(Source data begins)

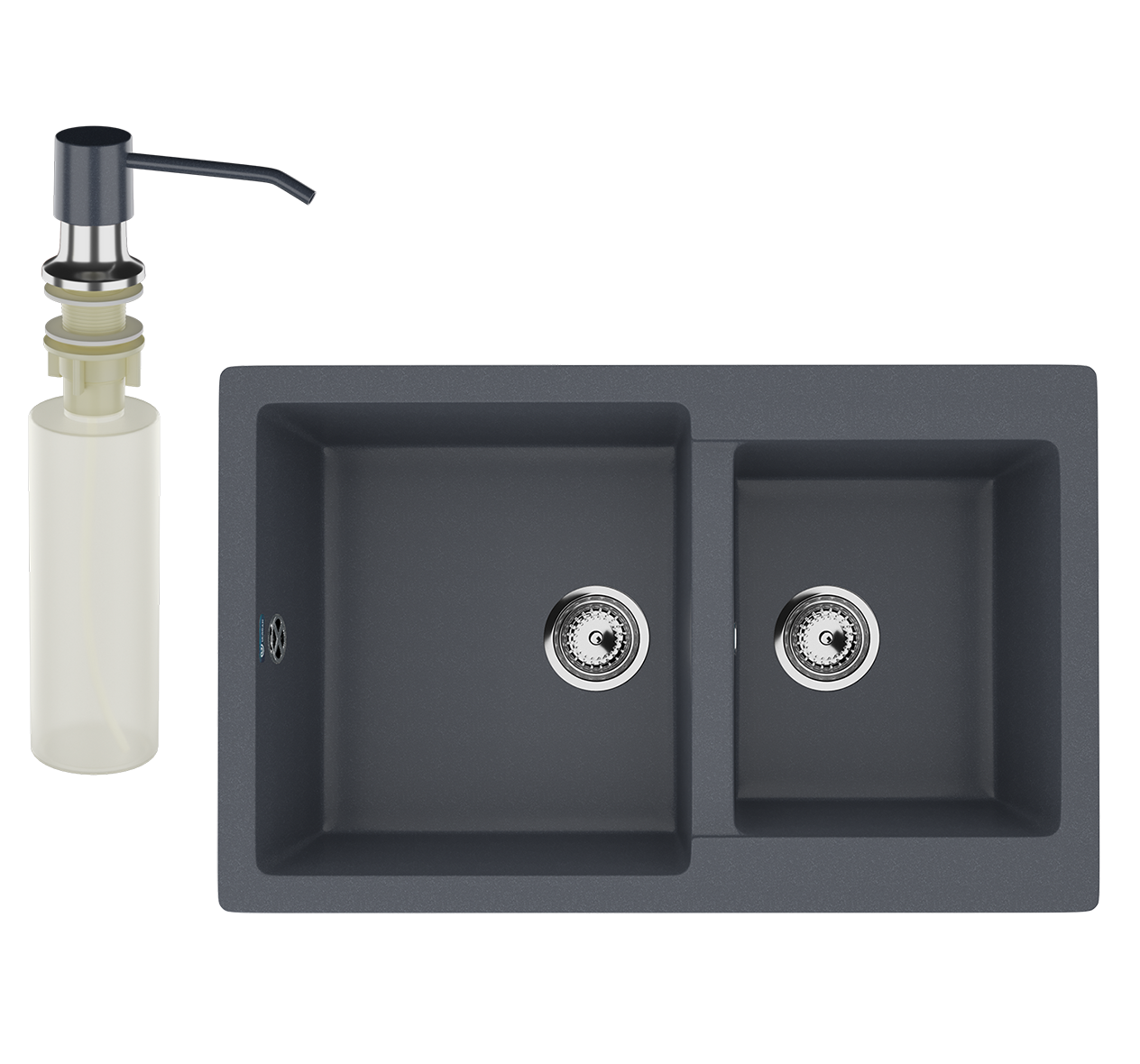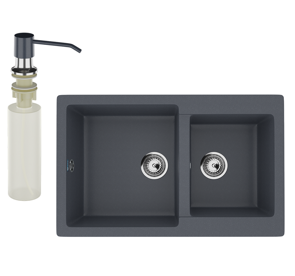 Мойка кухонная Ulgran U-505 343 антрацит + дозатор U-01 антрацит
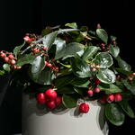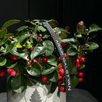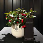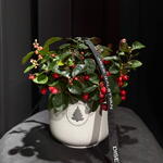 Decorative Gaultheria plant with bright red berries in a ceramic pot with a winter design. Ideal for gifting and for adding a cozy touch to the home. a.149
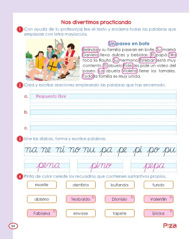 4 Pinta de color celeste los recuadros que contienen sustantivos propios.
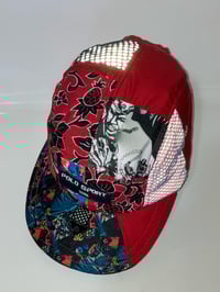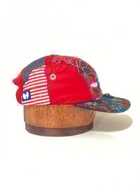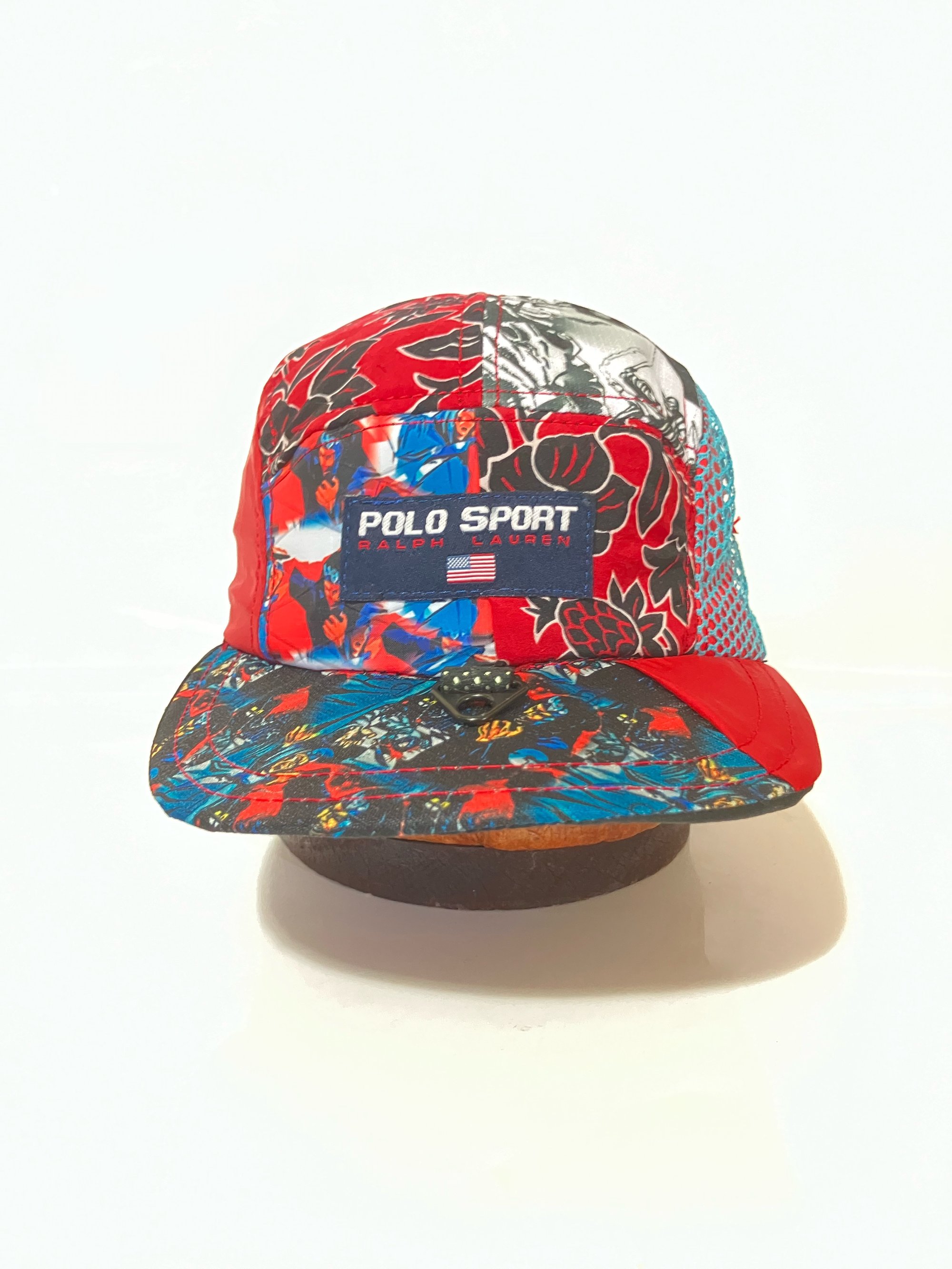 Made from polo sport nylon pants and swim trunks with sublimation dyed tech fabric scraps and reflective red fabric under blue mesh plus glowing utility loop with D ring. Terry cloth, sweatband, aluminum eyelet vents, and curvable brim, fully adjustable one size fits all, one of one, never to be replicated the same again. Standard Buckle Closure

(Source data ends)

(Exercise) The copy must begin at the line containing "Decorative Gaultheria plant" and end at the last line of the data above, with every line retyped exactly and no pictures included.

(Written response)
 Decorative Gaultheria plant with bright red berries in a ceramic pot with a winter design. Ideal for gifting and for adding a cozy touch to the home. a.149
 4 Pinta de color celeste los recuadros que contienen sustantivos propios.
 Made from polo sport nylon pants and swim trunks with sublimation dyed tech fabric scraps and reflective red fabric under blue mesh plus glowing utility loop with D ring. Terry cloth, sweatband, aluminum eyelet vents, and curvable brim, fully adjustable one size fits all, one of one, never to be replicated the same again. Standard Buckle Closure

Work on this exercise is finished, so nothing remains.